Georg Martin Adolf von Henselt (9 or 12 May 181410 October 1889) was a German composer and virtuoso pianist.

Life
Henselt was born at Schwabach, in Bavaria. At the age of three he began to learn the violin, and at five the piano under Josephe von Flad (1778-1843), who had trained in composition with Franz Danzi, Abbé (George Joseph) Vogler, Joseph Graetz and studied piano with Franz Lauska (who later coached Meyerbeer, Felix and Fanny Mendelssohn). His concert debut was at the Odeon in Munich, where he played the opening Allegro to one of Mozart's C major concertos, a free fantasy with variations on a theme from Weber's Der Freischütz, and a rondo by Kalkbrenner.
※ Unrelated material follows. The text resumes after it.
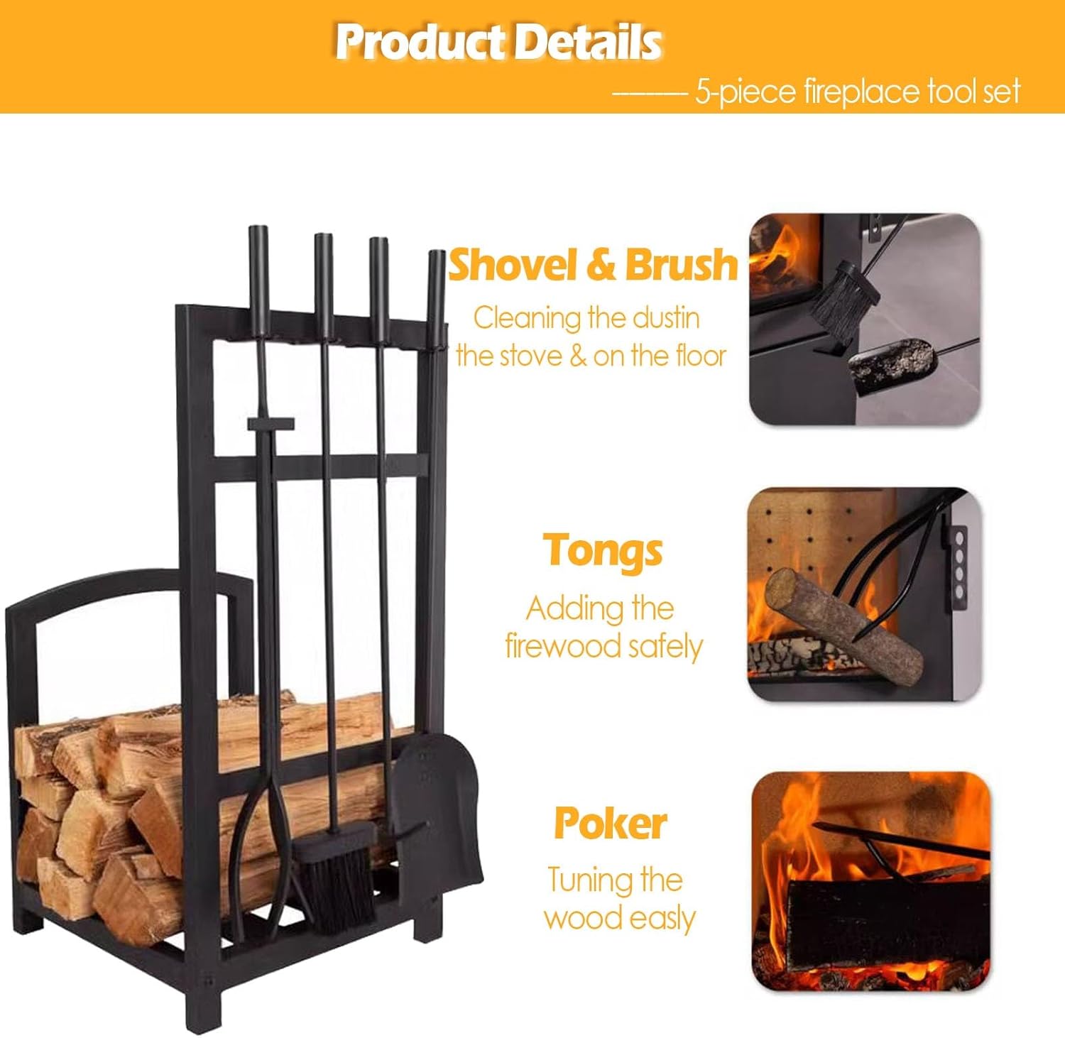 It coordinates with most fire screens, log holders and racks, or outdoor fire pit tools; robust design is stylish for both modern home decoration and country fireplaces. The fireplace tongs help to safely place kindling and reposition logs while the fireplace brush features strong bristles to easily sweep ash and debris, conveying heat in a slow speed and avoid of burning fingers.▲Specification:- Item Name: Fireplace tools set- Material Used: Powder coated iron frame- Colour: Black- Size: 40x35x68cm(15.7x13.8x26.8in)- Load Capacity: 100kg/220lbs●Package Included: Fireplace tools rack ×1brush × 1shovel × 1tong × 1poker × 1 ▲Features --Stylish contemporary design--easy to set up--Large capacity --indoor or outdoor use▲NOTE: 1. Clean with mild soap and water while the screen is cooled. 2. Due to manual measurement, there may be a difference of 1-2cm.3. The reason computer resolution, there may be differences in color to the actual goods received prevail

It was through Flad's influence with King Ludwig I of Bavaria that Henselt was provided the financial means to undertake further study with Johann Nepomuk Hummel (1778-1837) in Weimar in 1832 for some months. Later that year, he went to Vienna, where, besides studying composition under Simon Sechter (the later teacher of Anton Bruckner), he was successful as a concert pianist.

In 1836, to improve his health, he made a prolonged tour through the chief German towns. In 1837, he settled at Breslau, where he had married Rosalie Vogel—but the following year migrated to Saint Petersburg, where previous visits made him welcome. He became court pianist and inspector of musical studies in the Imperial Institute of Female Education, and was ennobled in 1876. Henselt usually spent summer holidays in Germany. In 1852, and again in 1867, he visited England, though in the latter year he made no public appearance. Saint Petersburg was his home nearly until his death from cardiac disease during a stay at Warmbrunn, Germany (now in Poland).

To some ears, Henselt's playing combined Franz Liszt's sonority with Hummel's smoothness. It was full of poetry, remarkable for his use of extended chords and technique. His cantabile playing was highly regarded. "Find out the secret of Henselt's hands," Liszt told his pupils. Once he commented on the lengths Henselt took to achieve his famous legato, saying, "I could have had velvet paws like that if I had wanted to." Henselt's influence on the next generation of Russian pianists was immense. Henselt's playing and teaching greatly influenced the Russian school of music, developing from seeds planted by John Field. Sergei Rachmaninoff held him in very great esteem, and considered him one of his most important influences.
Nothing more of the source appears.